> [Requirement] Taking the entries below, transcribe only the lines starting with the one with "Fantastisches Regenbogendesign mit" and going on through the one with "この施術の素晴らしい点は、髪", exactly as written, without the pictures.

> [Record set]
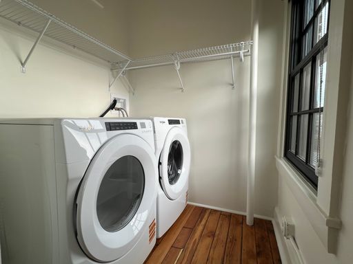 Upstairs, the bedroom overlooks the living space and includes a renovated bathroom with a stand-up shower and glass doors, along with an in-unit washer and dryer for added convenience. Central heat and air keep the space comfortable year-round.
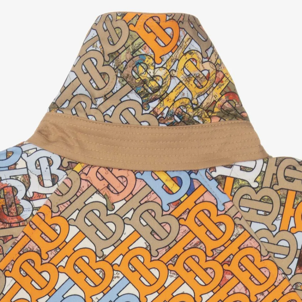 Archive beige and blue luxury trench coat for boys is from British brand, Burberry. It is made in soft cotton gabardine fabric, enhanced by eye-catching Monogram prints in shades of beige, orange and blue, with map accents. Traditional features include double-breasted button fastenings, a gun flap, belted cuffs and a storm shield. It is lined in silky cupro with a Burberry logo jacquard weave. Useful side pockets and a belt complete this stylish modern take on a classic piece.
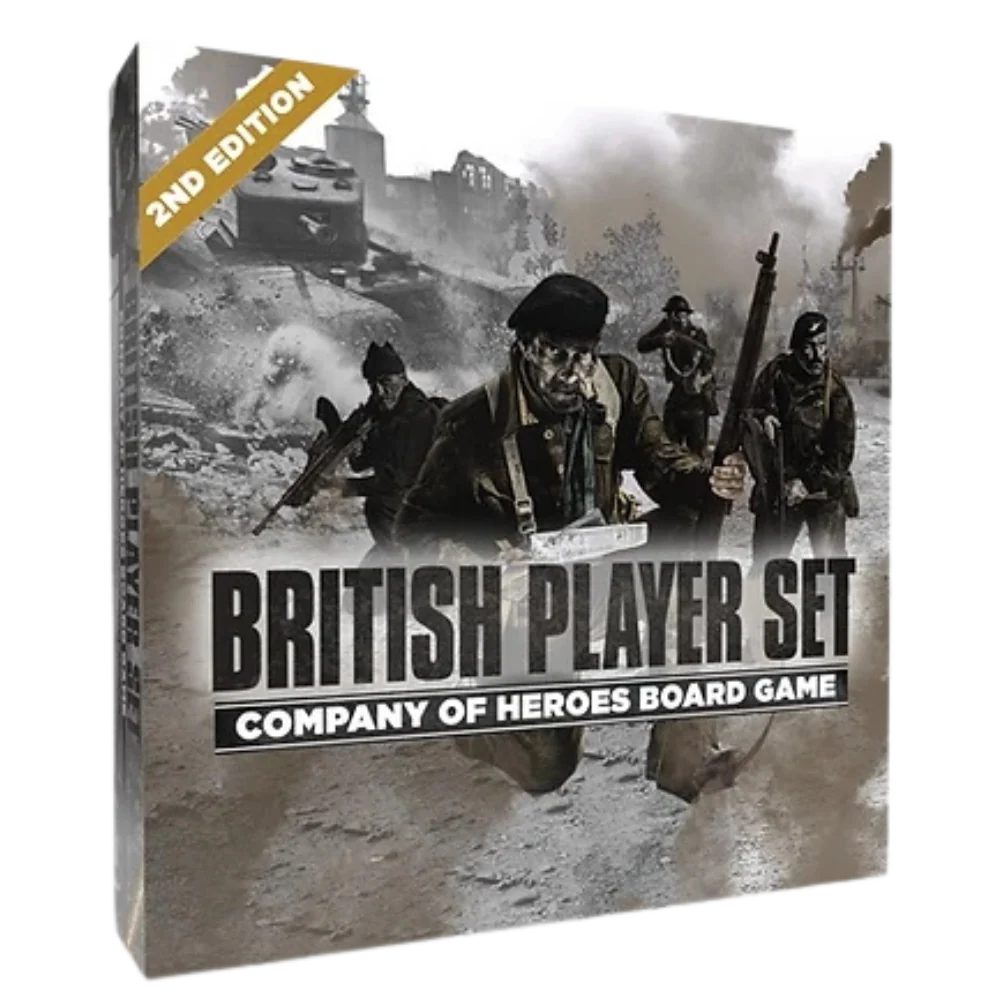The British Faction Player Set includes all the components you need to play as the British in the Company of Heroes board game, such as command cubes, dice, infantry trays, vehicles, tokens, and cards. It also includes a faction board that shows the British tech tree and special abilities.
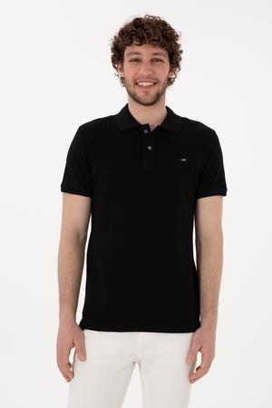 Erkek Slim Fit Polo Yaka Siyah Basic Tişört
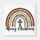 Fantastisches Regenbogendesign mit Leopardendruckdetails und Kreuz. Im Text steht "Frohe Weihnachten".
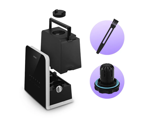 Простая конструкция, которая позволяет легко разбирать и чистить увлажнитель. В комплекте к прибору есть щёточка для очистки деталей.
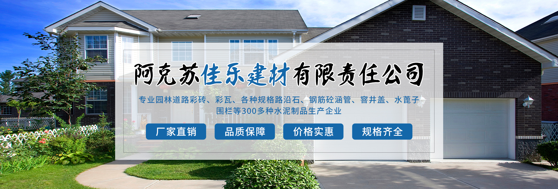 阿克蘇佳樂(lè)建材有限責(zé)任公司成立于2005年,是園林道路彩磚、彩瓦、各種規(guī)格路沿石、鋼筋砼涵管、窨井蓋、水蓖子、圍欄等300多種水泥制品生產(chǎn)企業(yè)。阿克蘇佳樂(lè)建材有限責(zé)任公司位于阿克蘇市塔南路13號(hào)(石油公司往南200米)。現(xiàn)公司在阿克蘇市、阿瓦提縣、烏什縣、拜城縣、輪臺(tái)縣、焉耆縣等地有分廠十余個(gè),為地方城鄉(xiāng)建設(shè)添磚加瓦。 多年來(lái),公司致力于設(shè)備的更新,新產(chǎn)品的研制,用更科學(xué)更美觀的產(chǎn)品順應(yīng)...
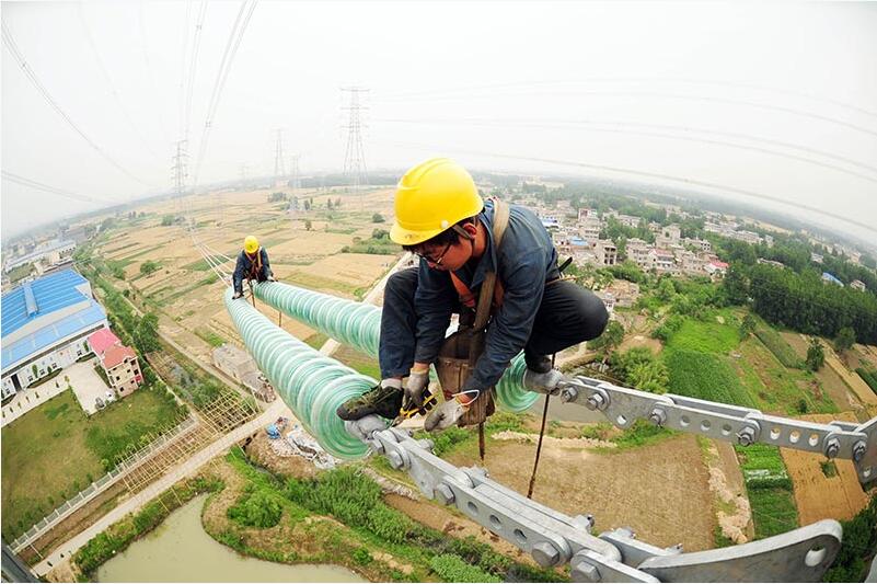 【背景】 在安徽省淮南市洛河鎮(zhèn)境內(nèi),安徽送變電工程公司施工人員在70多米高空進行500千伏輸電線路開斷施工?! ‘斎?,由安徽送變
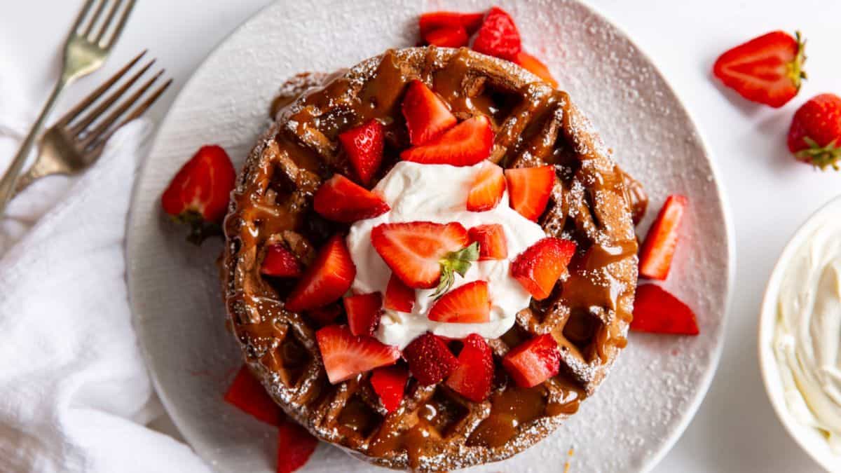 These chocolate waffles are topped with Nutella for a rich and indulgent treat. These waffles can be eaten for breakfast, brunch or dessert!
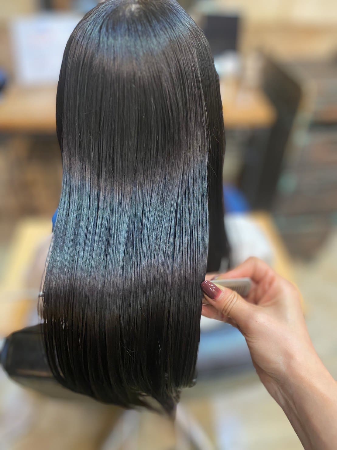 この施術の素晴らしい点は、髪の質感が明らかに向上することです。施術後の髪は、従来のカラーリングでは得られなかった艶やかさと滑らかさを実現します。カラーリングによる乾燥やパサつきが気になる方に特におすすめです。また、トリートメント効果により、髪色の持続性も向上し、より長く美しい髪色を保つことが可能です。
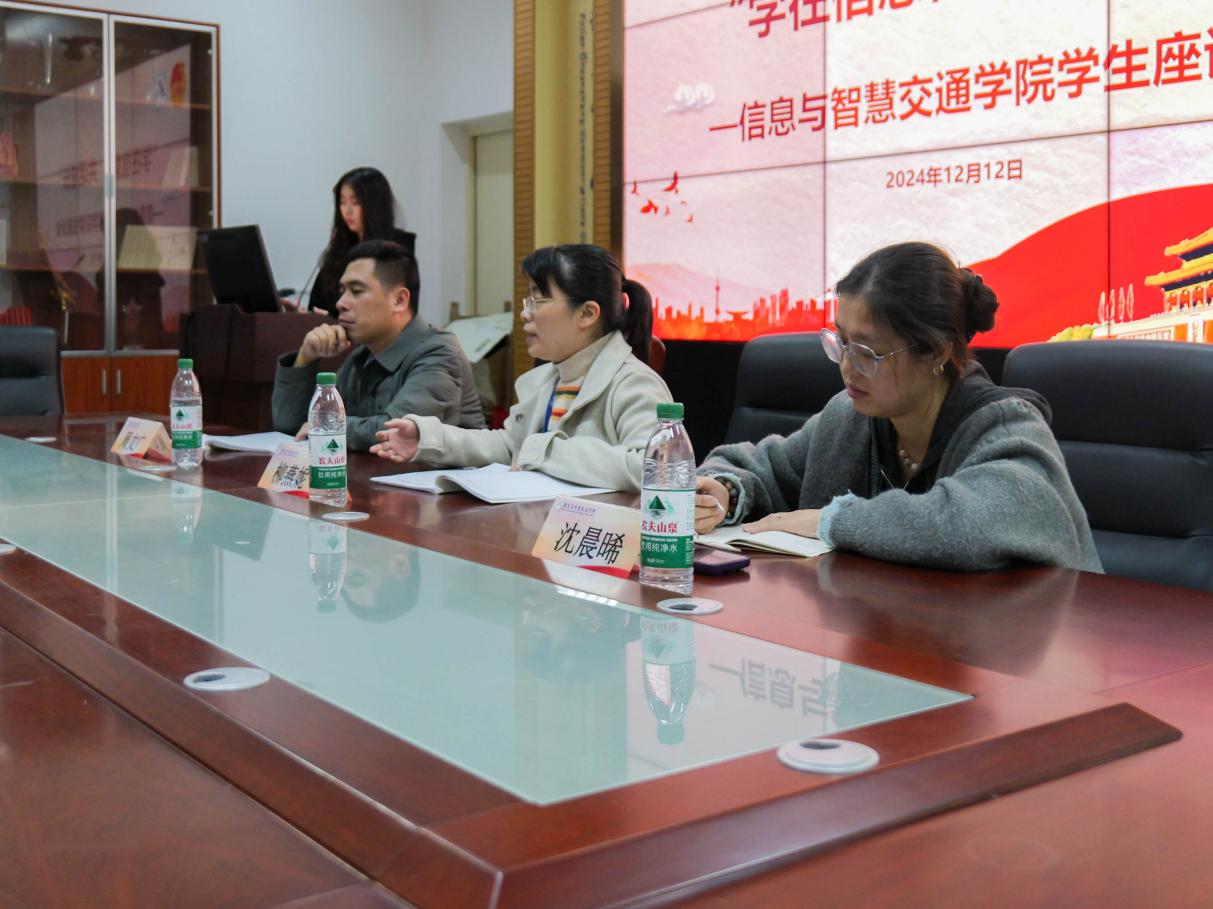 为全面贯彻学习习近平总书记关于青年工作的重要指示精神,深入了解团学干部在工作与学习中的实际问题,信息智慧交通学院于2024年12月12日在福道园自强楼2-1召开了“学在信息,共话成长”主题学生座谈会。本次会议由党总支副书记柳燕妮、分团委副书记沈晨晞、分团委宣传委员周文广及各团学干部们共同参与。
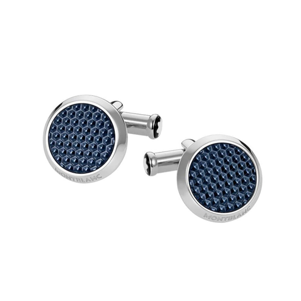 These Montblanc Meisterstuck cufflinks are made of stainless steel. These round cufflinks feature a geometric pattern blue lacquer inlay.
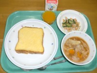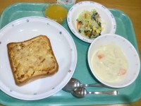 ●本日の献立●きな粉豆乳トースト 牛乳 鶏肉とじゃがいものケチャップ炒め 野菜と...
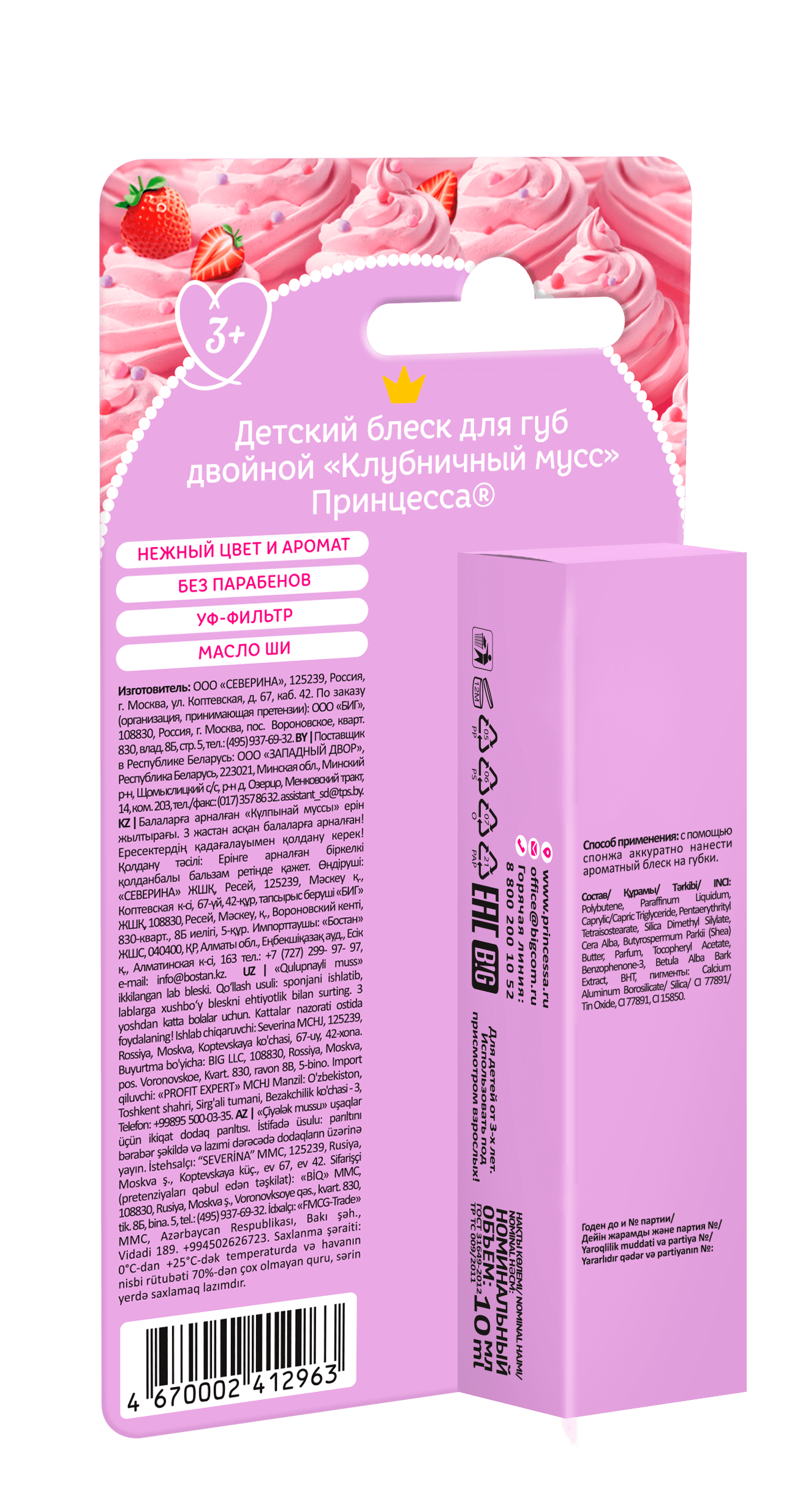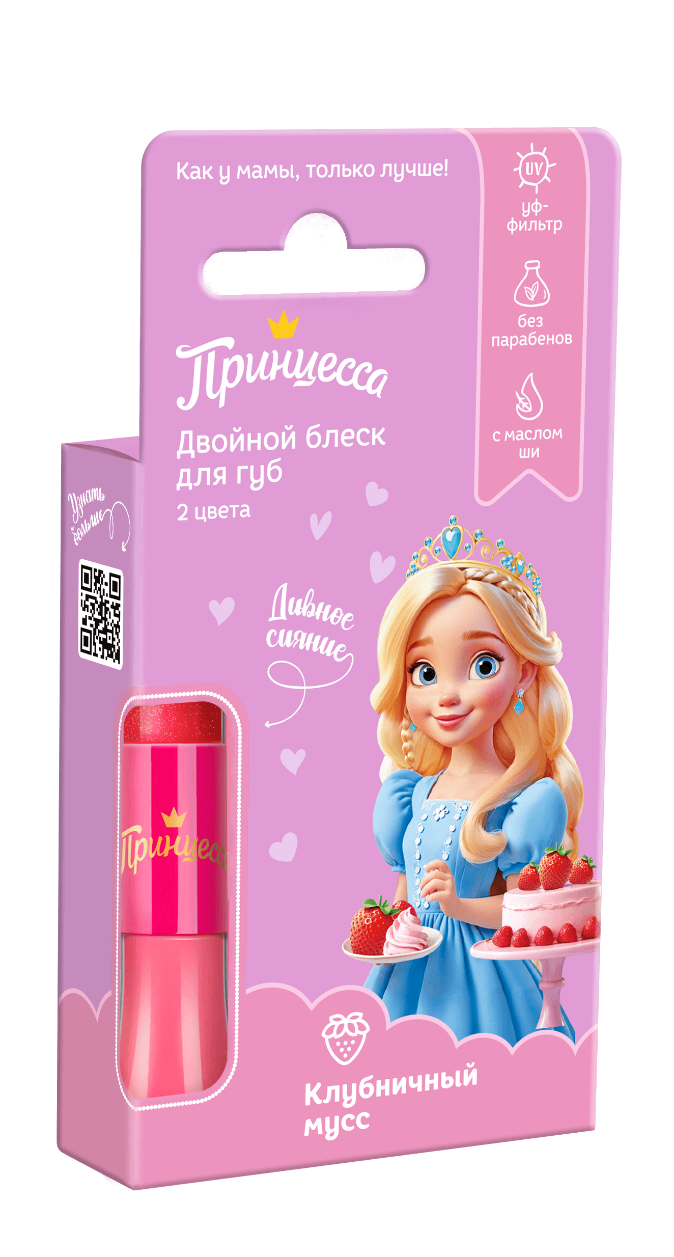 Нежная текстура, модные оттенки – как у мамы, только лучше! Необычный чудесный флакончик не оставит равнодушной ни одну модницу. Один флакон - два настроения! Нежный клубничный оттенок или яркое клубничное мерцание - выбирай сама!  Блеск создан специально для маленьких красавиц, поэтому не содержит парабены и обогащен комплексом  из масла макадамии и витамина Е, что обеспечивает полноценный уход за нежной кожей губ, защищает и увлажняет ее.
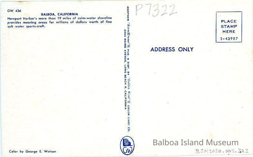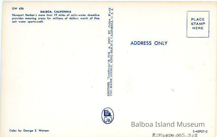 Both unused. Published and distributed by Golden West. Photographs by George E. Watson. There is a small blurb about Newport Harbor in the upper left corner on the back. The stamp box on one postcard also includes the print number while the print number on the other postcard is in the bottom right corner.Subject

> [Result for this exercise]
 Fantastisches Regenbogendesign mit Leopardendruckdetails und Kreuz. Im Text steht "Frohe Weihnachten".
 Простая конструкция, которая позволяет легко разбирать и чистить увлажнитель. В комплекте к прибору есть щёточка для очистки деталей.
 阿克蘇佳樂(lè)建材有限責(zé)任公司成立于2005年,是園林道路彩磚、彩瓦、各種規(guī)格路沿石、鋼筋砼涵管、窨井蓋、水蓖子、圍欄等300多種水泥制品生產(chǎn)企業(yè)。阿克蘇佳樂(lè)建材有限責(zé)任公司位于阿克蘇市塔南路13號(hào)(石油公司往南200米)。現(xiàn)公司在阿克蘇市、阿瓦提縣、烏什縣、拜城縣、輪臺(tái)縣、焉耆縣等地有分廠十余個(gè),為地方城鄉(xiāng)建設(shè)添磚加瓦。 多年來(lái),公司致力于設(shè)備的更新,新產(chǎn)品的研制,用更科學(xué)更美觀的產(chǎn)品順應(yīng)...
 【背景】 在安徽省淮南市洛河鎮(zhèn)境內(nèi),安徽送變電工程公司施工人員在70多米高空進行500千伏輸電線路開斷施工?! ‘斎?,由安徽送變
 These chocolate waffles are topped with Nutella for a rich and indulgent treat. These waffles can be eaten for breakfast, brunch or dessert!
 この施術の素晴らしい点は、髪の質感が明らかに向上することです。施術後の髪は、従来のカラーリングでは得られなかった艶やかさと滑らかさを実現します。カラーリングによる乾燥やパサつきが気になる方に特におすすめです。また、トリートメント効果により、髪色の持続性も向上し、より長く美しい髪色を保つことが可能です。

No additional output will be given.